You can get surprisingly far by foot in Paris. Les Halles is my favorite center point. Beginning here, a 30- to 40-minute walk could bring you as far north as Pigalle or as far south as Le Jardin du Luxembourg; west to the beginning of the Champs-Élysées or east to the Bastille. You’re looking for pockets of noise, for the bubbling up of crowds outside of late-night bars, for the kinds of cafés that act as quick docks for the sidewalk smokers. Novels and memoirs and screenplays have all been written about Paris at night—there’s a reason. The city doesn’t so much sleep as change shifts. The late-night crowd has its own turf, and you can really only find it by looking for it at street level.
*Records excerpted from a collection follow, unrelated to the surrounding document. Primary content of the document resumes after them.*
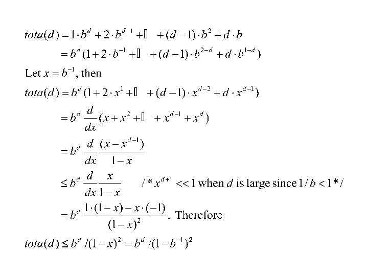 Depth-First Iterative Deepening • If branching factor is b and solution is at depth d, then nodes at depth d are generated once, nodes at depth d-1 are generated twice, etc. , and node at depth 1 is generated d times. Hence total(d) = b^d + 2 b^(d-1) +. . . + db <= b^d / (1 - 1/b)^2 = O(b^d). – If b=4, then worst case is 1. 78 * 4^d, I. e. , 78% more nodes searched than exist at depth d (in the worst case).
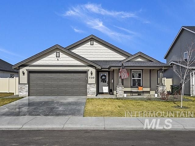 Welcome to this pristine move-in ready home built in 2021 in Greyhawk Subdivision. The owners made some tasteful upgrades to add character and make it feel like home! As you enter this split bedroom floor plan, you will find a living room made for entertaining with vaulted ceilings, plenty of natural light and a tile fireplace. The kitchen hosts a beadboard accent wall, two tone island, quartz countertops and stainless steel appliances. Additional upgrades include a large gazebo with pavers, dining room light fixture, kitchen cabinet hardware, window blinds, built in desk area with cabinets, and a high end security system.
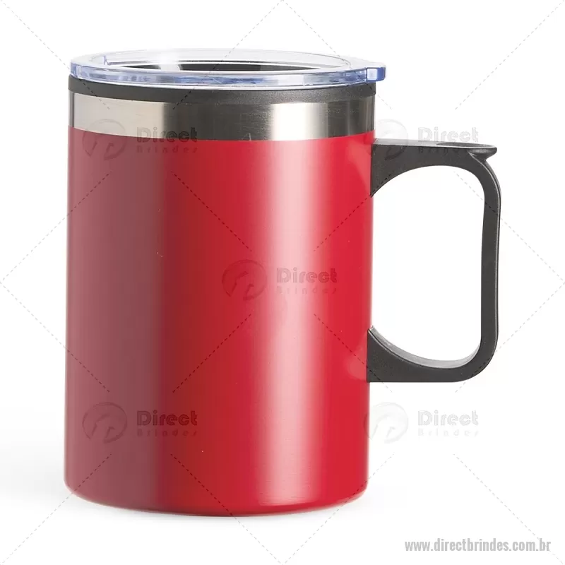 Caneca de 375 ml com interior plástico e revestimento externo em inox, que evita o aquecimento das mãos. Possui tampa com bocal e trava de segurança, além de base emborrachada antiderrapante. Prática e ideal para o dia a dia. - Barato - DRTCAN098
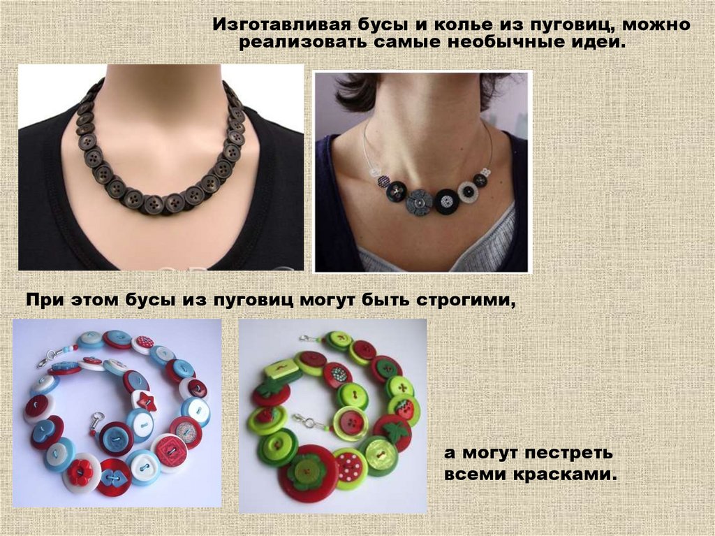Изготавливая бусы и колье из пуговиц, можнореализовать самые необычные идеи.
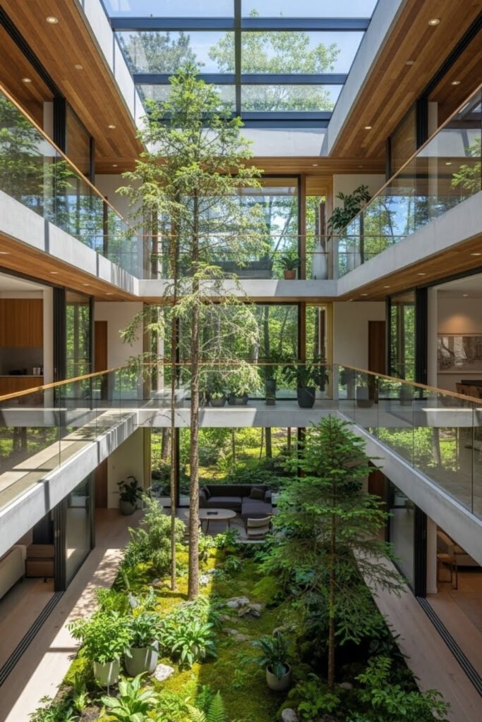 Nature enters the center of the home. An open atrium filled with trees or plants brings daylight deep inside while improving airflow.

Two pieces of advice. One: Don’t be afraid to wander into and through the city’s green spaces. Parc des Buttes-Chaumont in the 19th Arrondissement is home to Le Pavillon Puebla, which is really more like an old caretaker’s house that happens to serve drinks and play music. Revelers gather on a large terrace nestled among the trees, often right up until the moment it closes, at 1:45 A.M.
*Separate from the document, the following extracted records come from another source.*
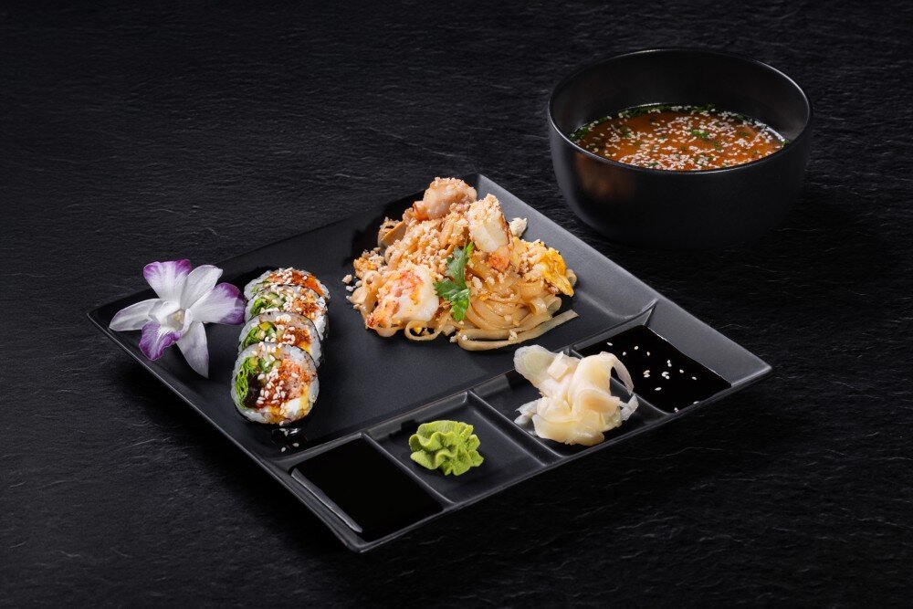 Pad Thai z krewetkami, Maki z pieczonym łososiem, Miso
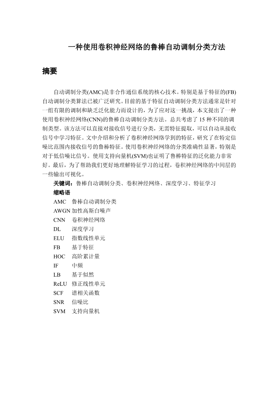 一种使用卷积神经网络的鲁棒自动调制分类方法外文翻译资料 2021-11-06 17:45:11 英语原文共 15 页 英语原文共 18 页 原文和译文剩余内容已隐藏,您需要先支付 30元 才能查看原文和译文全部内容!立即支付 发小红书推广免费获取该资料资格。点击链接进入获取推广文案即可: Ai一键组稿 | 降AI率 | 降重复率 | 论文一键排版 PREVIOUS NEXT 您可能感兴趣的文章 看边界:边界感知面部对齐算外文翻译资料 看边界:边界感知面部对齐算外文翻译资料 一种支持分布式正态智能监控的多代理体系结构外文翻译资料 增强的无线局域网协作MAC外文翻译资料 近眼显示器的绝对辐射和光度测量外文翻译资料 红外遥控系统外文翻译资料 一幅单一图像中雨滴去除的专注生成对抗性网络外文翻译资料 深度残差学习在图像识别中的应用外文翻译资料 低成本,便携式室内环境质量监测装置的设计与开发外文翻译资料 使用基于查询蓝牙的RSSI概率分布进行室内定位外文翻译资料
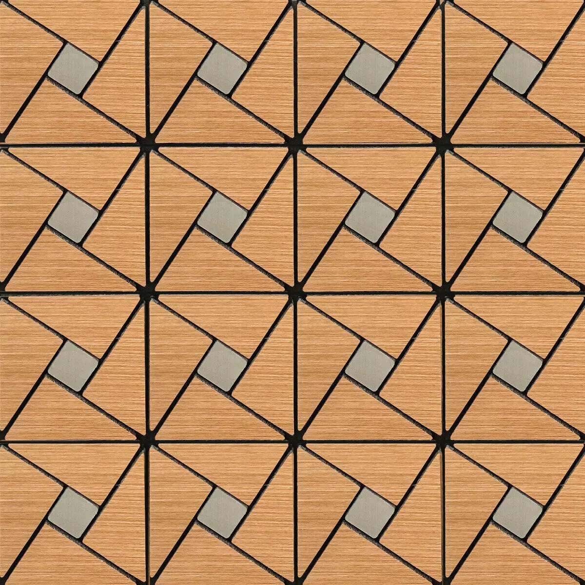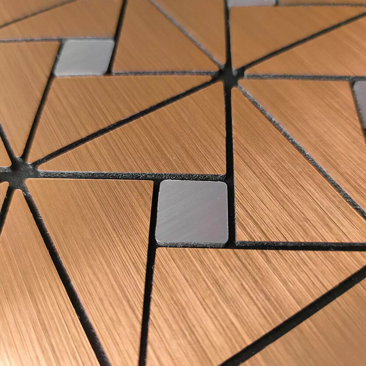 Плитка з ПЕТ (поліетилентерефталату) часто використовується для створення мозаїчних візерунків та декоративних елементів. PET - це пластичний матеріал, який має цілий ряд переваг: легкість, міцність і стійкість до впливу вологи. Цей матеріал може бути використаний для створення внутрішнього оздоблення як у житлових, так і у комерційних приміщеннях.

Two: If you happen to walk by the Palais de Tokyo, the contemporary art museum along the Seine, know this—it is open until midnight every night except Tuesday; its newest resident is Les Grands Verres, a restaurant and bar from the folks behind Candelaria and Hero, and it serves drinks until 2 A.M.
It is 2AM. Head to La Mano, on Rue Papillon, and try to make it through the line outside. If you do, you’ll be greeted indoors with one of the city’s best dance parties. The crowd here is the sort that likes to overpay for booze as long as the DJ is good—and he really is, spinning Latin-influenced jams and setting the tone by dancing his heart out at the front of the room. But there are other, less crowded options. I found myself in SoPi (South Pigalle) very early one morning, hopping back and forth across its main drag of bars, Rue Frochot. Dirty Dick—a divey tiki place—closes at 2 A.M., but Glass, across the street, is open till 4 A.M. L’Entrée des Artistes, around the corner, is also open till 5 A.M. on weekends.

12 P.M. START ALL OVER. I know how this sounds. Who would waste half the day sleeping? But think about the inverse: Who would waste half the night sleeping? When so many places come alive after midnight, can you afford to doze through it? The deep night handicaps the city for you, thinning out the tourists, closing the attractions, and redirecting the energy toward a few beacons of light and noise. You just have to walk around.
But, sure, we’re not vampires. Any café can fulfill the requirements for petit déjeuner—coffee, croissants, eggs—but my favorite croque madame is at La Palette on the left bank. Vegan spot Café Ineko has the best pregame espresso, and a table out front nabs you a nicely framed view of Rue Gravilliers. There are worse places to spend an afternoon, recharging with coffees and maybe the evening’s first glass of rosé. Just don’t stay too long. There’s a lot left to do when it gets dark.